The facility has been described as having two underground stories amounting to . It was designed to house 135 people.

History
In 1957, Strategic Air Command began construction for a hardened bunker to contain the command post for the 8th Air Force, which was located at nearby Westover Air Force Base, Chicopee, Massachusetts.  The facility was located inside Bare Mountain, off Route 116, and was nicknamed "The Notch."  The underground facility, built into the side of Bare Mountain, was hardened to protect it from the effects of a nearby nuclear blast and designed so that the senior military staff could facilitate further military operations.

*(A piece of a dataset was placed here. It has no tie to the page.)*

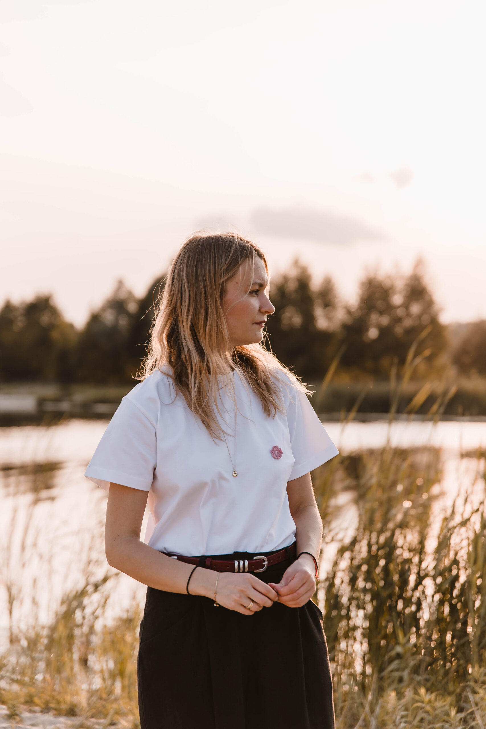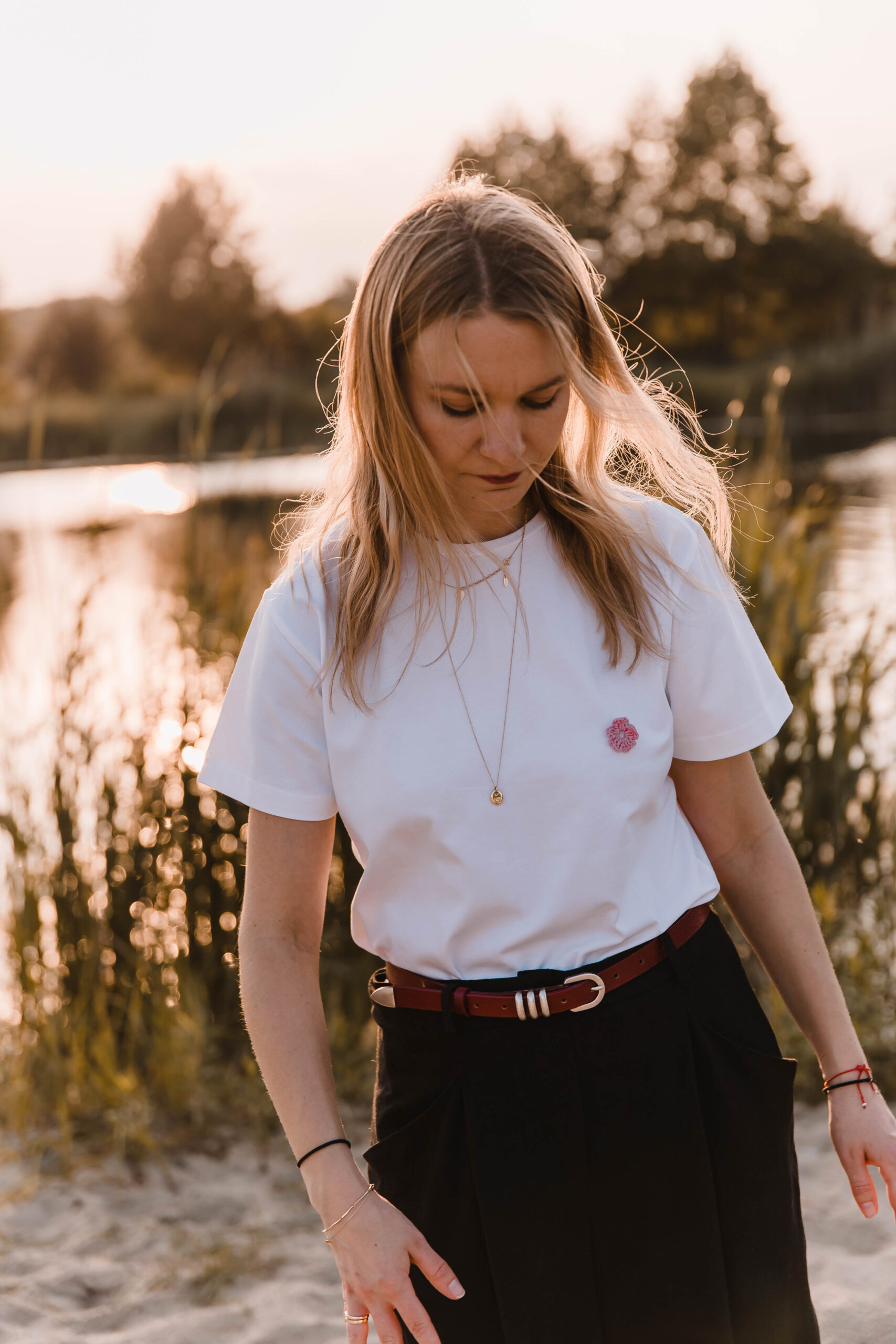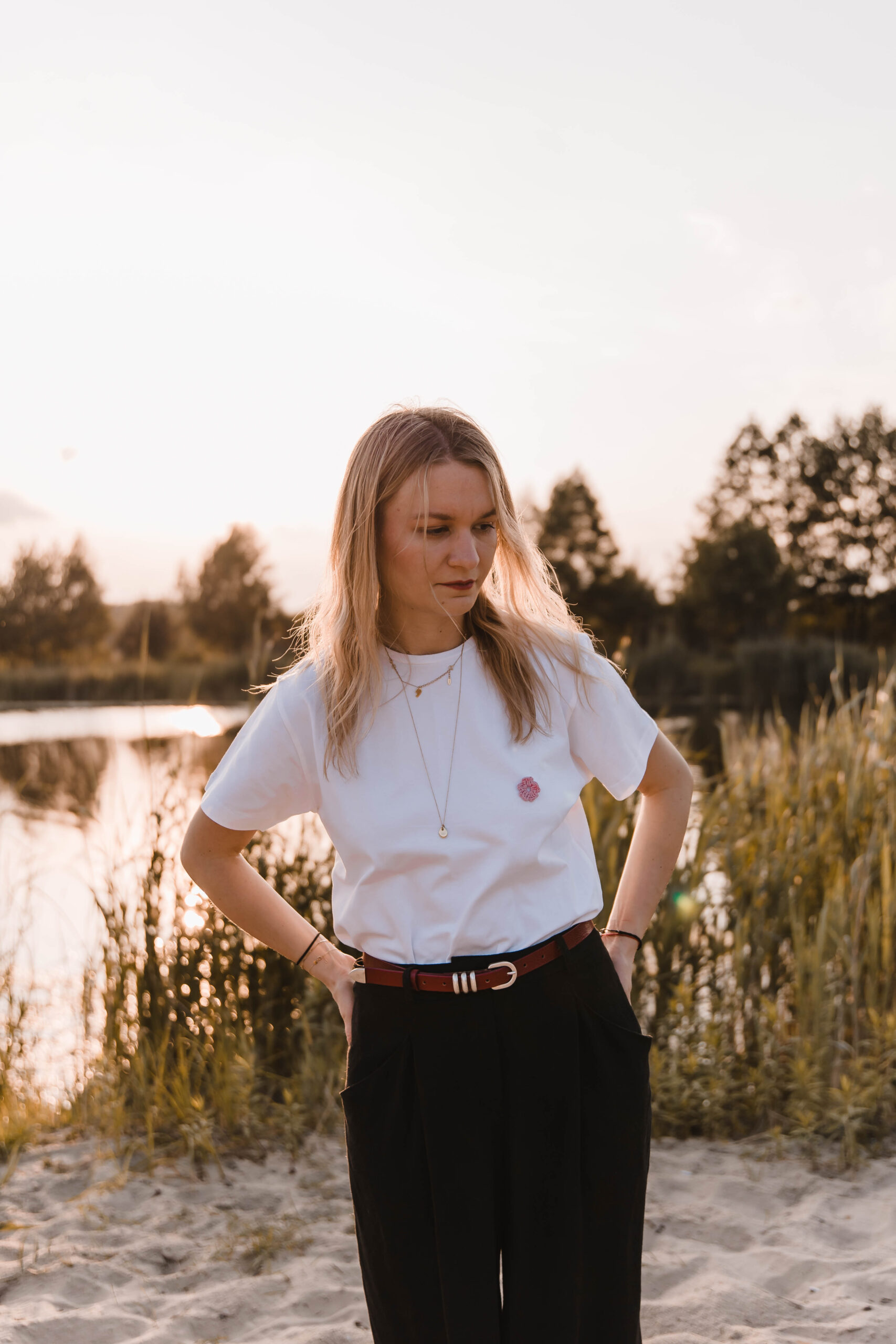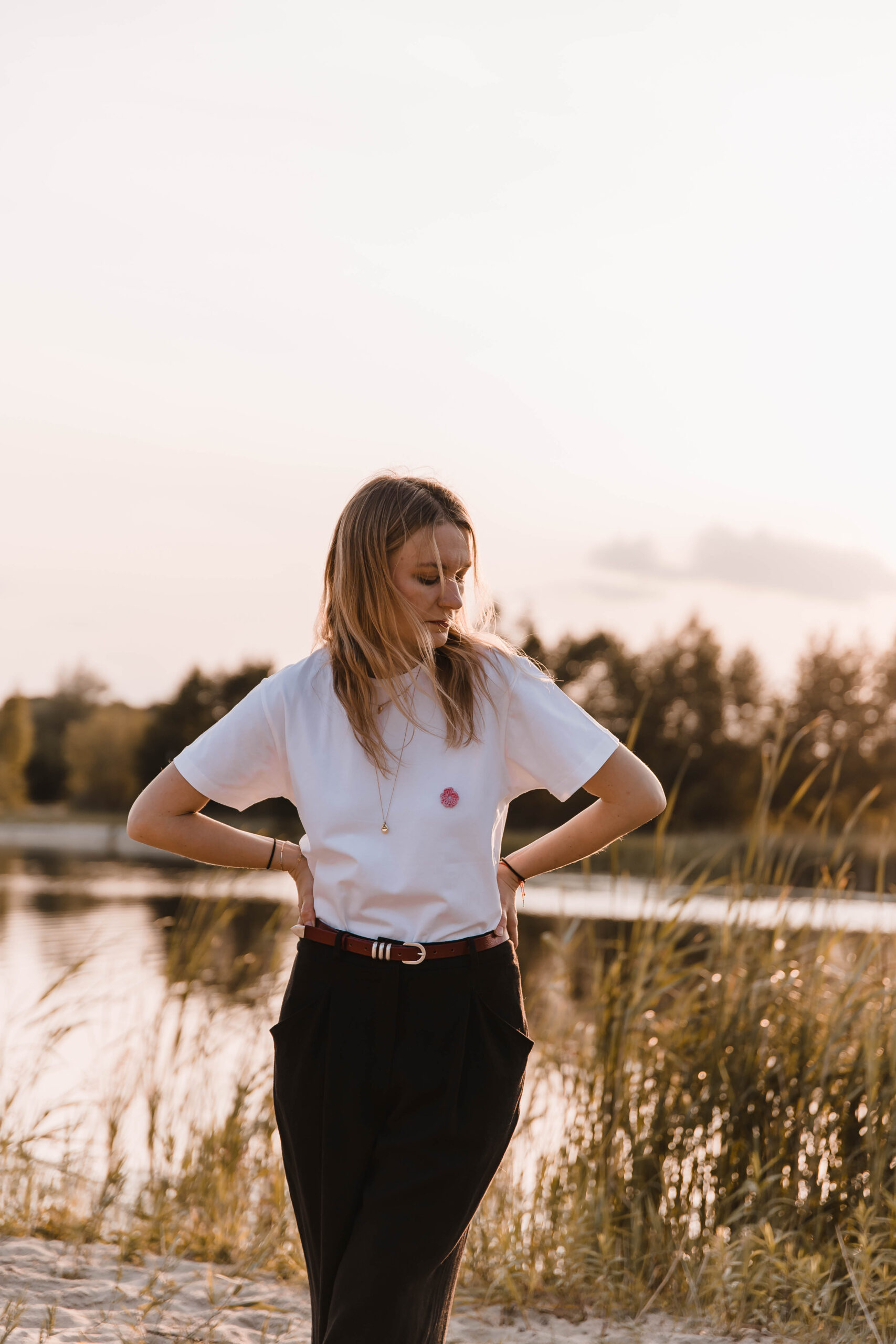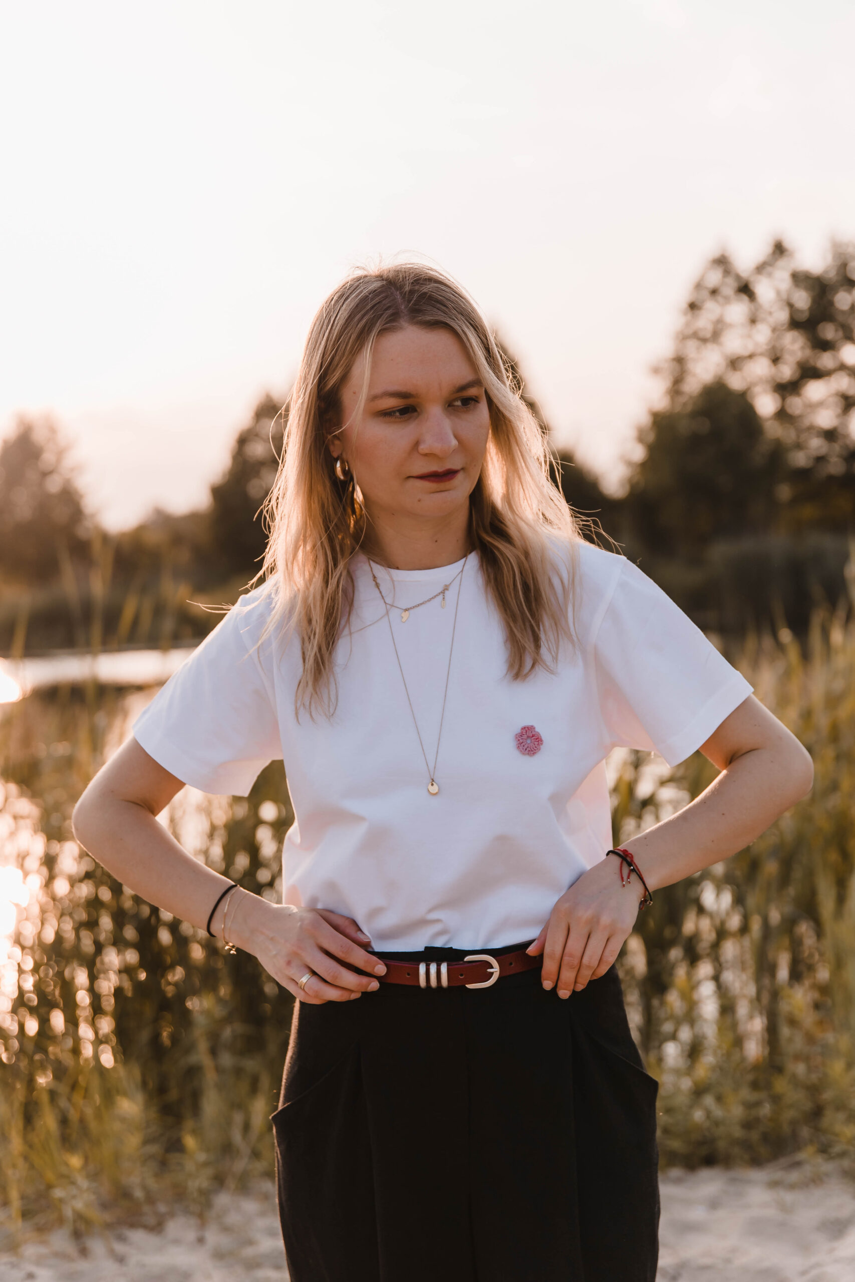 Załóż ją, kiedy chcesz po prostu czuć się dobrze. Biała koszulka z delikatnym haftem kwiatka to Twoja codzienna dawka świeżości – jak pierwszy łyk porannej kawy albo spacer boso po trawie. Pasuje do wszystkiego, ale nie jest jak wszystko. Prosta. Piękna. Twoja.

It was connected to ATT Blackstone, ATT Chesterfield, and ATT Peru via microwave transmissions during its operation.

Reuse
The facility was shut down in 1970, when the 8th Air Force was relocated to Guam. After the U.S. Air Force abandoned the site in 1970, the Federal Reserve took over and used it as a secure storage facility for their records. Allegedly they stored large sums of money there as well, to be used to restart the economy after a nuclear war.

Today, the bunker is used as a library storage facility for the Five Colleges.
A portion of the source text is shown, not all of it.